Dataset entries:
+ + + +

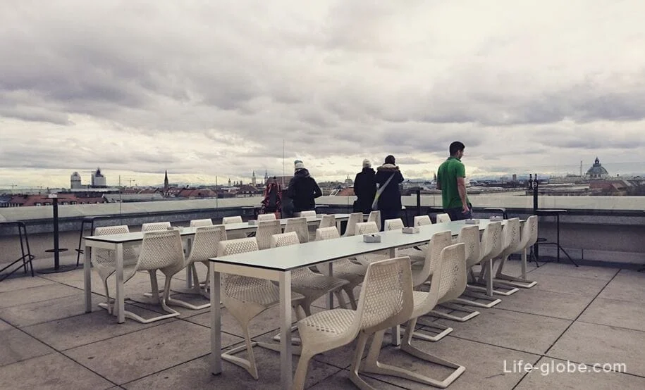 – кафе «Cafe im Vorhoelzer Forum» с террасой со столиками на крыше, откуда открывается отличный вид на центр Мюнхена. Кафе расположено в здании кафедры технического университета, по адресу: Арцисштрассе, 21 (Arcisstraße);
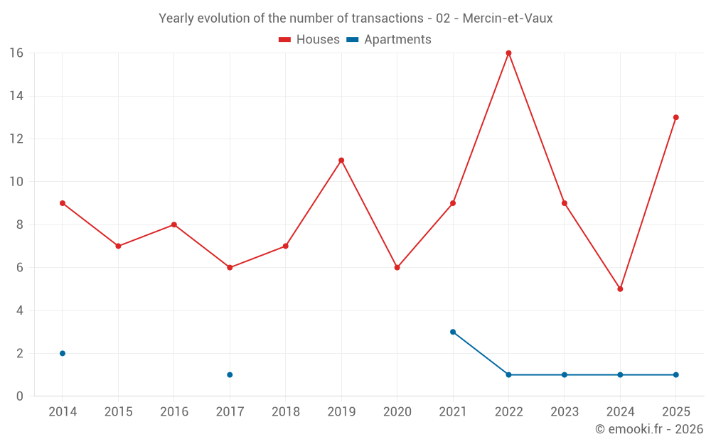 The median price on the 18 house transactions of the last 24 months in the municipality of Mercin-et-Vaux was 1 704 € per square meter for a median property value of 140 000 €. Over this period, 60% of transactions were between 1 432 and 1 977 € per square meter (from the 2nd to the 8th deciles).
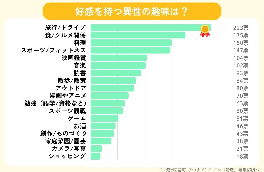 好感を持つ異性の趣味は、1位が「旅行/ドライブ」、2位が「食/グルメ」、3位が「料理」となりました。傾向として、誰でも気軽に楽しみやすく、パートナーと一緒に体験できるような趣味が上位にきています。
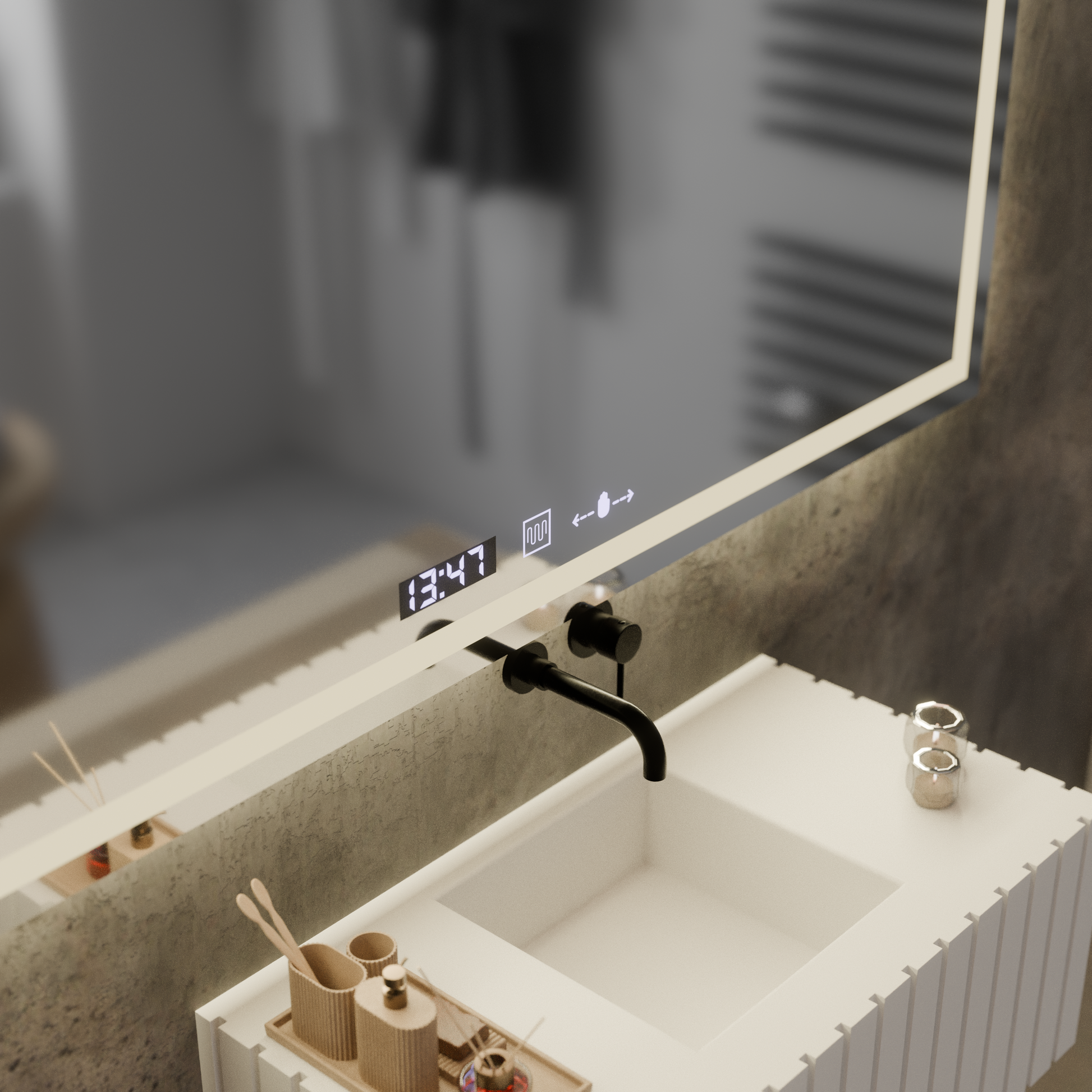 Technológia MotionGlow umožňuje zapnutie svetla bez dotyku a stmievateľné LED osvetlenie prispôsobí sa vašim potrebám – či už sa pripravujete na náročný deň alebo končíte večer v pokoji. Funkcia odhmlievania udržujte povrch vždy čistý digitálne hodiny a okolitý teplomer doplňte zážitok o užitočné informácie priamo v zrkadle.
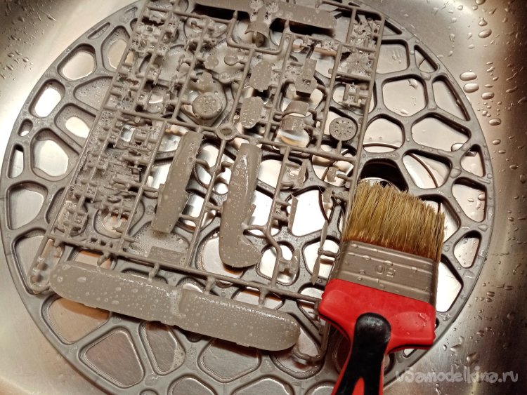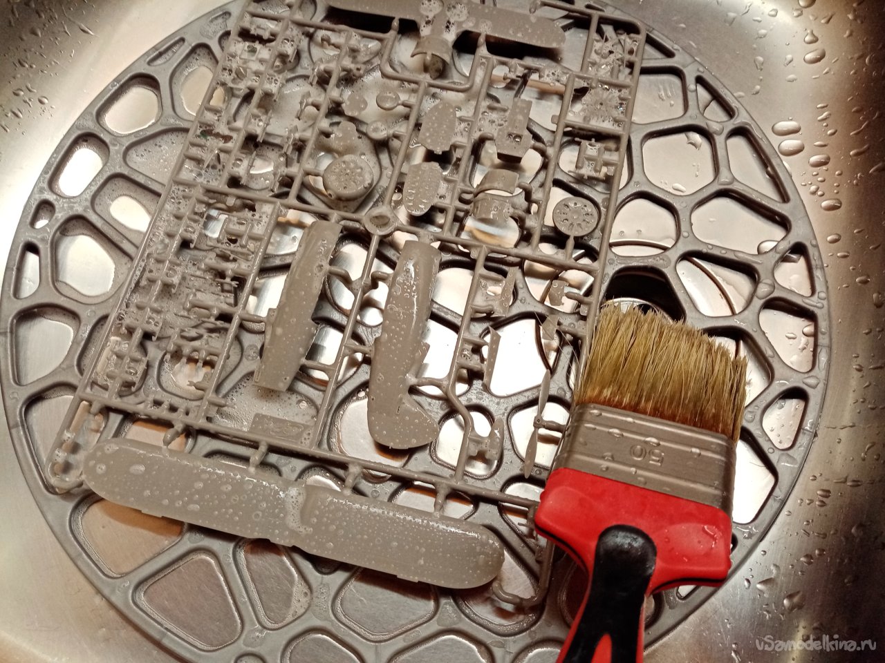 Начинаю работу с помывки. Это первое и основное правило. Нужно смыть загрязнения. Применяю для этой цели нейтральное моющее средство. «Фери». Осторожно промываю литники мягким флейцем. Внимательно слежу, чтобы не отломить маленькие детали.
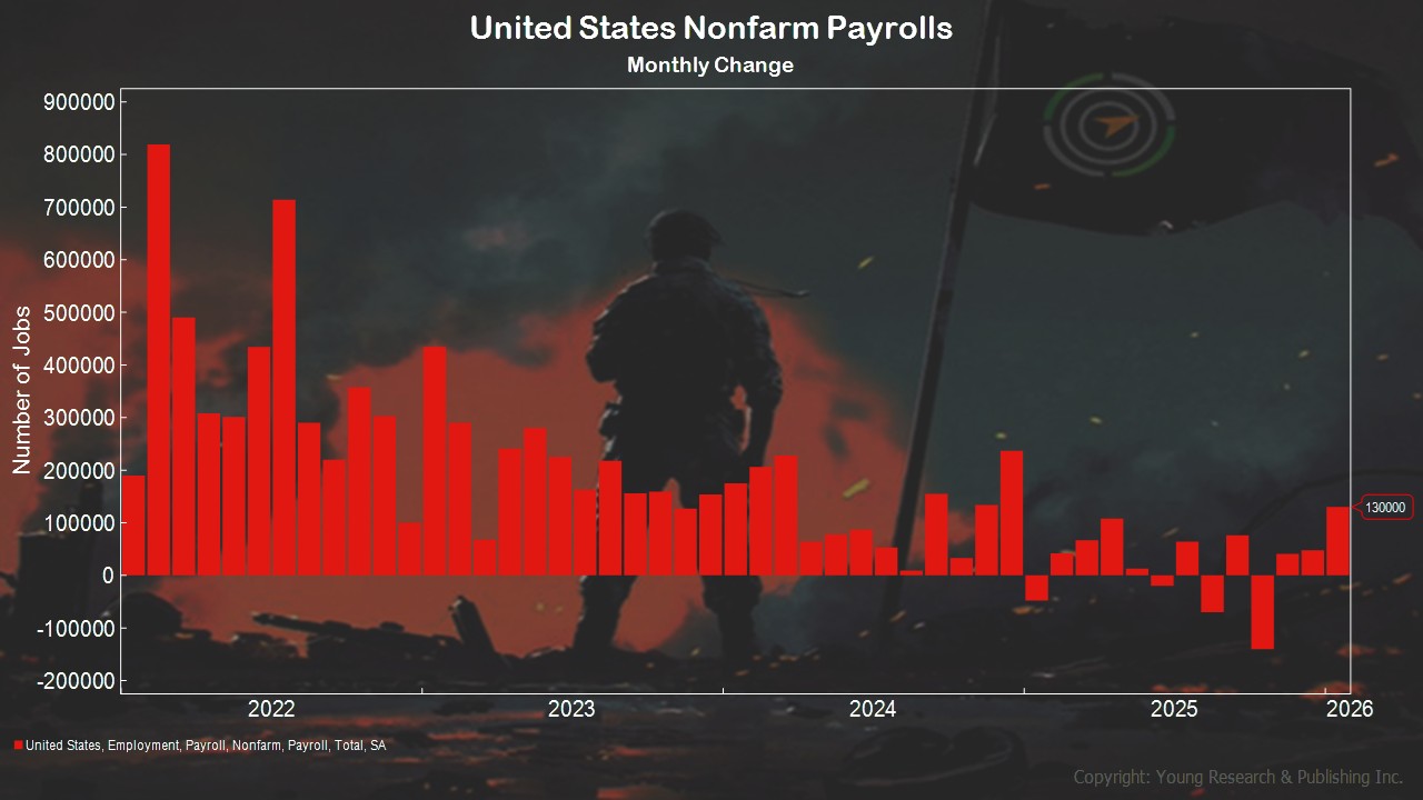 - Scroll to Nonfarm Payrolls (slide 34) and take a look at the major surprise jump in the number of payrolls reported today. A total of 130,000 were reported, while analysts polled by Bloomberg had predicted a much smaller 65,000.
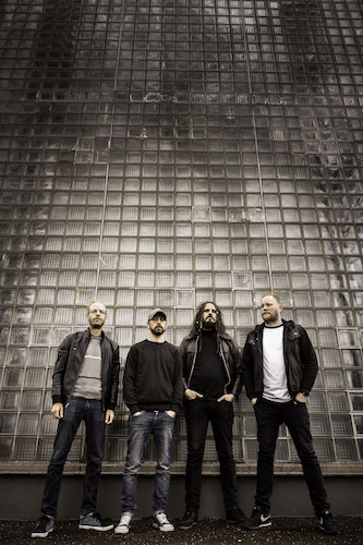 V’s history reaches back to the ’90s, when the band’s original personnel (two of whom had formed the hardcore band Amend in 1994) were amalgamating a blend of hardcore, death, and thrash metal. An EP named VI was recorded in 2006 (but just released last year), and then the band went on a hiatus for a decade, emerging again now with Pathogenesis. And with the passage of so many years, V’s sound and conceptual focus has changed, the music becoming heavier and more freighted with doom, their world-view transitioning into visions of a nihilistic future and “a world crumbling to its knees” — which is indeed what this new song sounds like.

+ + + +

Goal of the exercise: The full set of entries should be transcribed exactly, pictures left aside.

The answer:
 – кафе «Cafe im Vorhoelzer Forum» с террасой со столиками на крыше, откуда открывается отличный вид на центр Мюнхена. Кафе расположено в здании кафедры технического университета, по адресу: Арцисштрассе, 21 (Arcisstraße);
 The median price on the 18 house transactions of the last 24 months in the municipality of Mercin-et-Vaux was 1 704 € per square meter for a median property value of 140 000 €. Over this period, 60% of transactions were between 1 432 and 1 977 € per square meter (from the 2nd to the 8th deciles).
 好感を持つ異性の趣味は、1位が「旅行/ドライブ」、2位が「食/グルメ」、3位が「料理」となりました。傾向として、誰でも気軽に楽しみやすく、パートナーと一緒に体験できるような趣味が上位にきています。
 Technológia MotionGlow umožňuje zapnutie svetla bez dotyku a stmievateľné LED osvetlenie prispôsobí sa vašim potrebám – či už sa pripravujete na náročný deň alebo končíte večer v pokoji. Funkcia odhmlievania udržujte povrch vždy čistý digitálne hodiny a okolitý teplomer doplňte zážitok o užitočné informácie priamo v zrkadle.
 Начинаю работу с помывки. Это первое и основное правило. Нужно смыть загрязнения. Применяю для этой цели нейтральное моющее средство. «Фери». Осторожно промываю литники мягким флейцем. Внимательно слежу, чтобы не отломить маленькие детали.
 - Scroll to Nonfarm Payrolls (slide 34) and take a look at the major surprise jump in the number of payrolls reported today. A total of 130,000 were reported, while analysts polled by Bloomberg had predicted a much smaller 65,000.
 V’s history reaches back to the ’90s, when the band’s original personnel (two of whom had formed the hardcore band Amend in 1994) were amalgamating a blend of hardcore, death, and thrash metal. An EP named VI was recorded in 2006 (but just released last year), and then the band went on a hiatus for a decade, emerging again now with Pathogenesis. And with the passage of so many years, V’s sound and conceptual focus has changed, the music becoming heavier and more freighted with doom, their world-view transitioning into visions of a nihilistic future and “a world crumbling to its knees” — which is indeed what this new song sounds like.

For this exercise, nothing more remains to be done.